Véritable monument de l'industrie vidéoludique, aucune frontière n'arrête Big N. ! Ses licences emblématiques imprègnent l'imaginaire populaire. Même un néophyte connait Zelda, Pokémon ou Mario ! Adoré ou détesté, l'éditeur japonais déchaine les passions. Nintendo finira-t-il par mourir ? Retour sur une épopée de 132 ans..
Un siècle d'histoire
La Kabushiki Gaisha Nintendo Co., LTD (任天堂株式会社, Nintendō)règne sur l'électronique grand public et le jeu vidéo. Entreprise la plus puissante du Japon, elle écoule depuis 1977 plus de 800 millions de consoles. Ses IP iconiques s'adressent à tous, envahissent la pop culture et installent durablement son image. Dirigée par Shuntaro Furukawa, elle compte aujourd'hui 7 300 employés à l'international.
Quelques dates clés
1889 : Fondation de Nintendo Kurata par Fusajirō Yamauchi à Kyoto.
1933 : Changement de statut et de nom pour Yamauchi Nintendo & Co., Ltd.
1959 : Signature d'un partenariat historique avec Disney.
1963 : Introduction en bourse et passage à Nintendo Co., Ltd.
1968 : Création de la branche électronique de Nintendo.
1973 : Explosion du prix du plastique et chute du département Games.
1977 : Lancement de la Color TV Game 6.
1980 : Invention du Game & Watch par Gunpei Yokoi.
1981 : Première apparition de Mario dans Donkey Kong sur arcade.
1985 : Implantation de la NES aux USA grâce au succès de Super Mario Bros.
1989 : Triomphe du Game Boy à travers le monde.
1990 : Lutte acharnée de la SNES face à la Mega Drive.
1996 : Sortie de Pocket Monsters Red and Green.
2002 : Démission d'Hiroshi Yamauchi et fin de la dynastie du fondateur.
2004 : Explosion des records de ventes grâce à la Nintendo DS.
2006 : Conquête de nouveaux publics grâce à la Wii.
2011 : Mauvais départ de la 3DS.
2012 : Échec cuisant de la Wii U et difficultés financières de l'entreprise.
2015 : Restructuration de la compagnie après le décès de Satoru Iwata.
2016 : Réussite inattendue de Pokémon Go.
2017 : Renouveau éclatant de la Switch.
2021 : Nintendo devient la corporation la plus riche du Japon.
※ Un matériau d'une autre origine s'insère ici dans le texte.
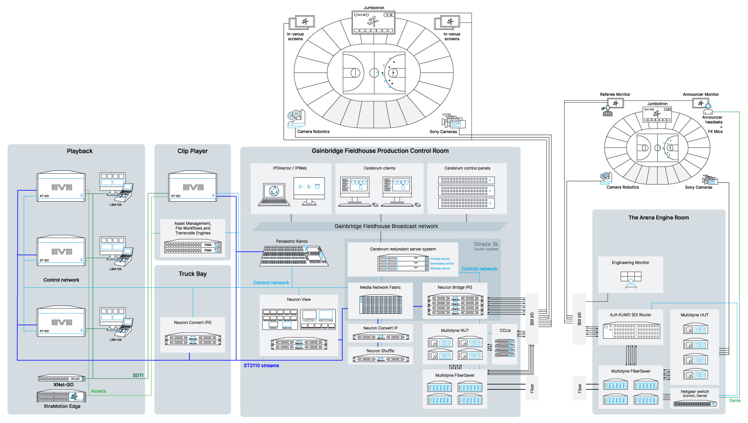 Within this architecture, EVS Neuron serves as the IP gateway and processing layer, bridging SDI and IP domains, and converting signals as needed.

1889 à 1950 : Les prémices
Le 23 septembre 1889, un jeune artisan de cartes Hanafuda, Fusajirō Yamauchi, fonde Nintendo Kurata. Basé dans le quartier Shimogyō-ku à Kyoto, il change rapidement son nom pour Nintendo Koppaï. La popularité de ses productions le conduit à embaucher. Il s'adapte aux difficultés du marché et expédient ses créations à travers l'archipel.
En 1907, en pleine guerre russo-japonaise, Fusajirō adopte son gendre, Sekiyro Kaneda. Il le désigne héritier pour que la société reste familiale. Malgré la Kurata Zei, les affaires sont fleurissantes. Nintendo Koppaï s'impose comme la plus grande entreprise de cartes du Japon.
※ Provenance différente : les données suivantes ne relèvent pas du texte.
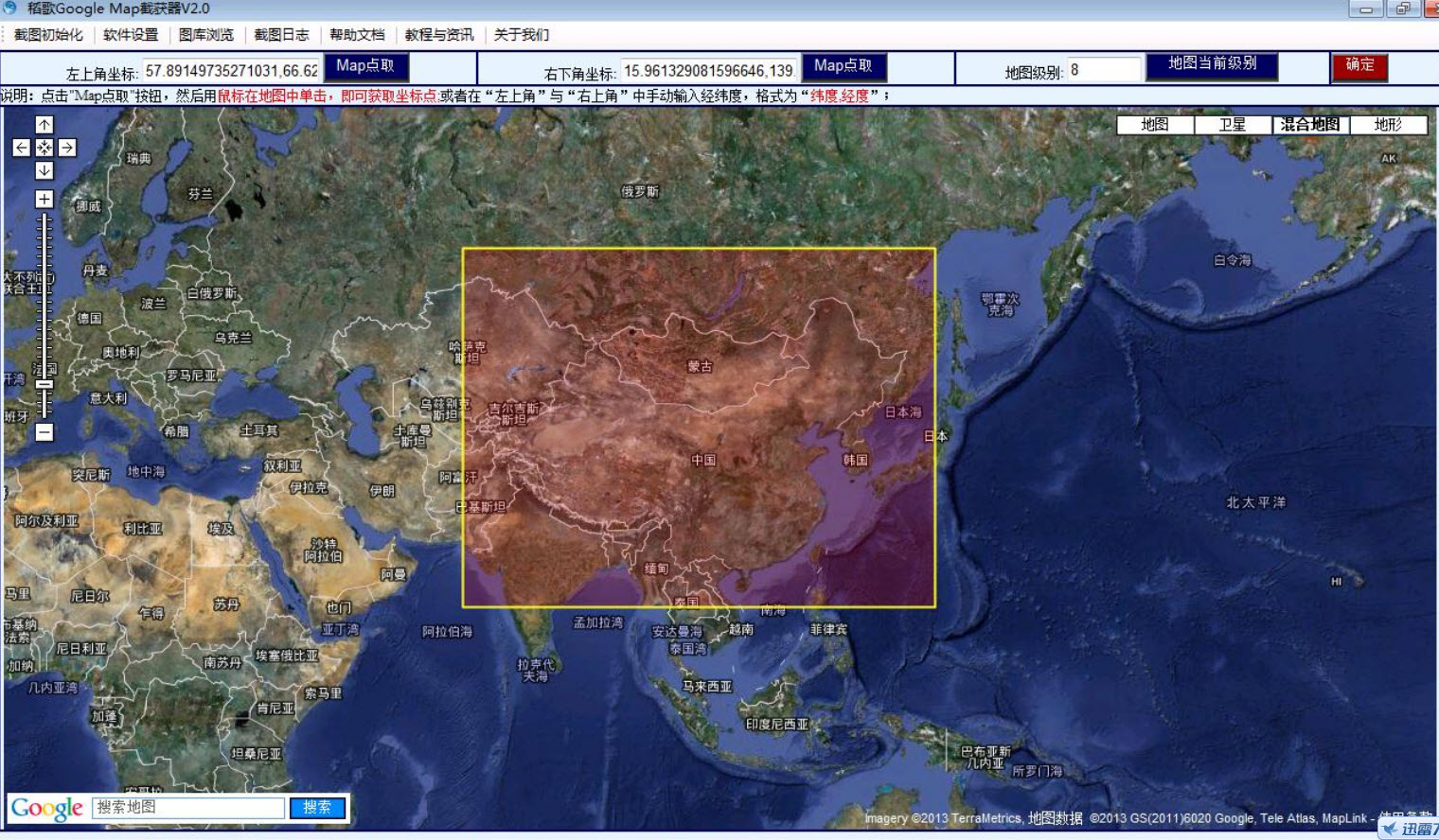 1、大幅面截獲Google Map上的地圖、衛(wèi)星影像、地形圖、混合地圖,拼接并存儲(chǔ)為tif格式的圖像,同時(shí)賦上精確的投影與坐標(biāo);

puisé, Fusajirō se retire finalement en 1929. Quatre ans plus tard, Sekiyro repense entièrement l'organisation interne. La Yamauchi Nintendo & Co., Ltd. déménage son siège social à côté de la gare de Toba-kaidō. Souhaitant préserver la dynastie de son beau-père, il nomme son petit-fils Hiroshi, de seulement 6 ans, successeur.
Au cours de la Seconde Guerre mondiale, le gouvernement japonais interdit tous les jeux de cartes. Leurs finances souffrent. La femme d'Hiroshi, Michiko Inaba, injecte une grosse somme d'argent pour maintenir à flot l'héritage familial. En 1947, Nintendo reprend son souffle. Sekiyro crée la Marufuku Co., Ltd., chargée de distribuer les cartes à jouer.
1950 à 1968 : La diversification
En 1950, à 23 ans, Hiroshi Yamauchi devient le troisième président de la compagnie. Il la rebaptise Nintendo Playing Card Co., Ltd. Dès 1952, il recentralise la production de cartes dans la ville aux mille temples et conduit une série de réformes impopulaires auprès des employés conservateurs. La grogne mène en quelques mois à une grève générale. Impitoyable, le récent PDG licencie les réfractaires.
Début 1956, le jeune homme visite l'United States Playing Card Company. Il constate les limites du marché à l'échelle internationale et cherche à diversifier son activité. Un partenariat avec Disney en 1959 lui ouvre les portes des magasins de jouets. Il multiplie alors les campagnes publicitaires. Deux années s'écoulent, et les ventes dépassent le million de paquets. Même si Hiroshi domine le secteur, il demeure inquiet. Le recul des cartes pour adulte le rend dépendant des enfants.

Hiroshi Yamauchi
1963 marque le début d'une nouvelle politique. En pleine expansion, la corporation enregistre 150 millions de yens de revenus. Elle acquiert le statut de société ouverte et se renomme Nintendo Co., Ltd. Elle rentre en bourse à Osaka et à Kyoto. Pour assurer sa réussite, elle étend ses secteurs d'activité : pachinko, bowling, love hotel, riz instantané, service de taxi, etc. Rien ne marche ! En 1964, ses actions s'effondrent à son plus bas niveau historique. La multinationale poursuit sa stratégie de diversification jusqu'en 1968 avant de jeter l'éponge.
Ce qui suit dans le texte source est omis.